Use the entries below and reproduce exactly the lines from the one containing "電源ボタンを長押しすると出る画面で、ホームボタンを長押し(5秒)して下さい。" down to the one containing "Варочный центр Bertazzoni", both of them included.

Data records.
%%

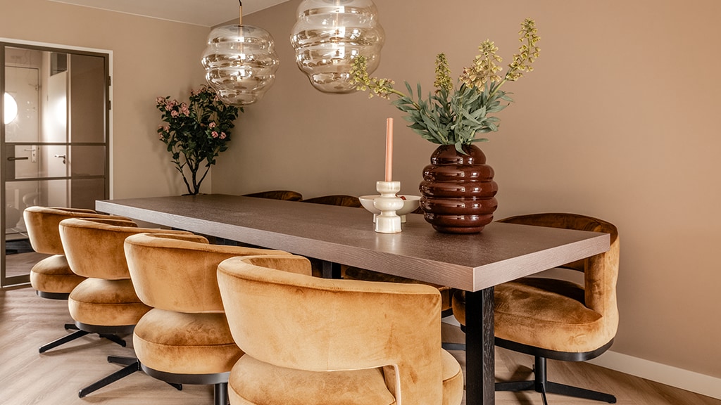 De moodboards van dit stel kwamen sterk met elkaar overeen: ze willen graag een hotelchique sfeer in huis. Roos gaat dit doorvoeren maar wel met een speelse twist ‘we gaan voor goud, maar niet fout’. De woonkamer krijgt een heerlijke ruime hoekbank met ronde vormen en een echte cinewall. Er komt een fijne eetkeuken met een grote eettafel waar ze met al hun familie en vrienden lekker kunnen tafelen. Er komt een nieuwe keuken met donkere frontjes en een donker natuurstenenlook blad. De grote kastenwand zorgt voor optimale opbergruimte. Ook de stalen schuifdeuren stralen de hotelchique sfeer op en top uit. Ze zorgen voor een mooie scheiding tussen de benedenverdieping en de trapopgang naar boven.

%%
%%

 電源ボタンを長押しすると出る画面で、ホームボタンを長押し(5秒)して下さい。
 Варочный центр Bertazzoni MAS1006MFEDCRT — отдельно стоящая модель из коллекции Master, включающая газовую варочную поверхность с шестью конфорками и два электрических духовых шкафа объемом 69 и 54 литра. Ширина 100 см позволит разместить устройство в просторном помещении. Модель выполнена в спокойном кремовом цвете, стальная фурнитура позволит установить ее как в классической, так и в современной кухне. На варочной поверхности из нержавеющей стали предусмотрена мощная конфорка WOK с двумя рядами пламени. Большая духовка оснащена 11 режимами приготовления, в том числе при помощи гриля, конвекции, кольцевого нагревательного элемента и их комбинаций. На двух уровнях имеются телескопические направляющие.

%%
%%

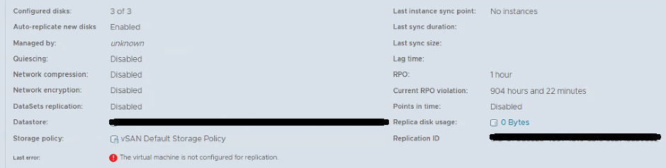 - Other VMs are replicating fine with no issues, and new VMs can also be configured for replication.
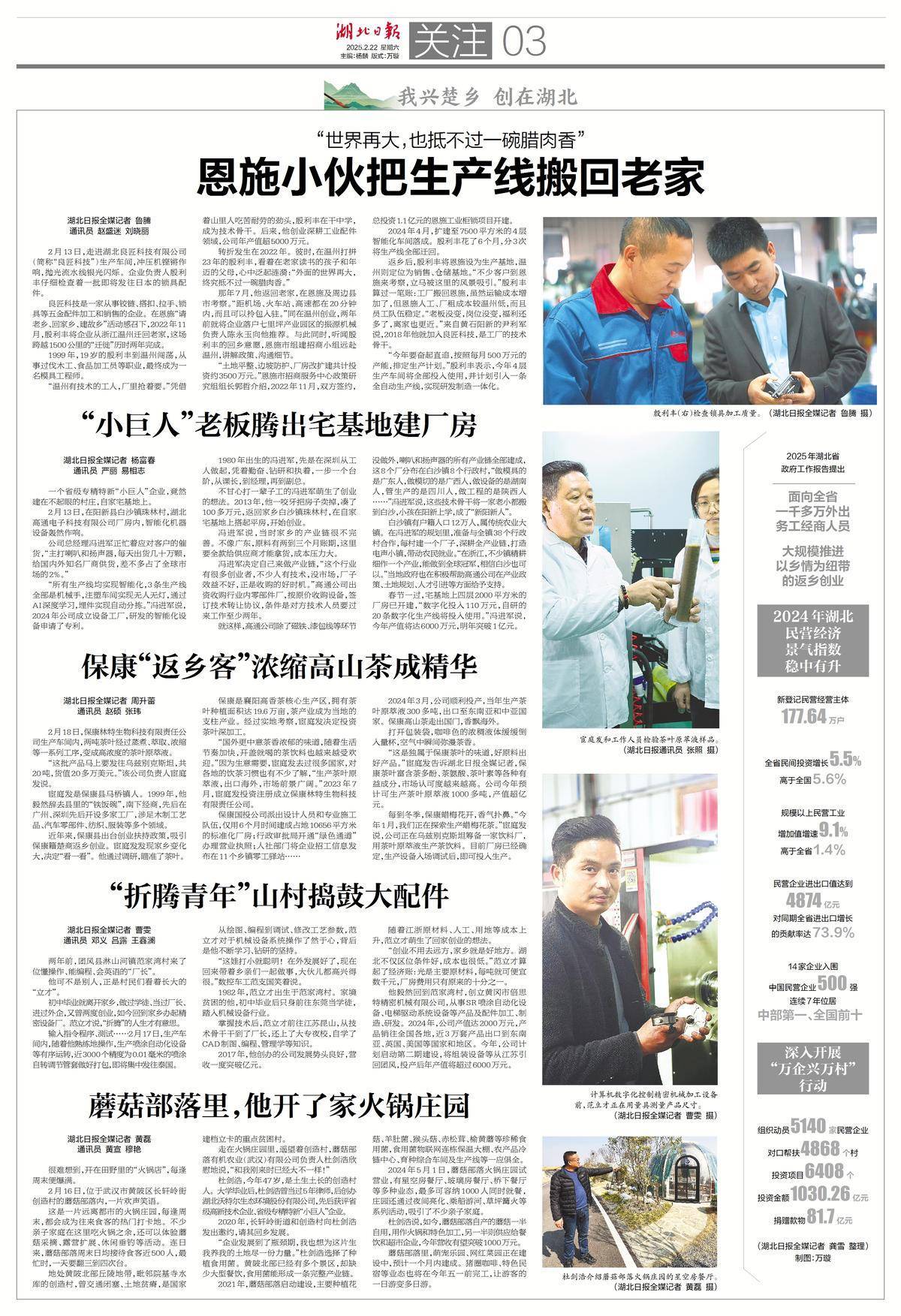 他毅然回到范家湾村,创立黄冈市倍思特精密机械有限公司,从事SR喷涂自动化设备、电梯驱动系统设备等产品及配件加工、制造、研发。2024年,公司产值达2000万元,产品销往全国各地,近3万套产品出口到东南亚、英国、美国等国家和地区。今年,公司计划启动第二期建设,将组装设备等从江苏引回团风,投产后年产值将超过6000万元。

%%

Exercise response.
 電源ボタンを長押しすると出る画面で、ホームボタンを長押し(5秒)して下さい。
 Варочный центр Bertazzoni MAS1006MFEDCRT — отдельно стоящая модель из коллекции Master, включающая газовую варочную поверхность с шестью конфорками и два электрических духовых шкафа объемом 69 и 54 литра. Ширина 100 см позволит разместить устройство в просторном помещении. Модель выполнена в спокойном кремовом цвете, стальная фурнитура позволит установить ее как в классической, так и в современной кухне. На варочной поверхности из нержавеющей стали предусмотрена мощная конфорка WOK с двумя рядами пламени. Большая духовка оснащена 11 режимами приготовления, в том числе при помощи гриля, конвекции, кольцевого нагревательного элемента и их комбинаций. На двух уровнях имеются телескопические направляющие.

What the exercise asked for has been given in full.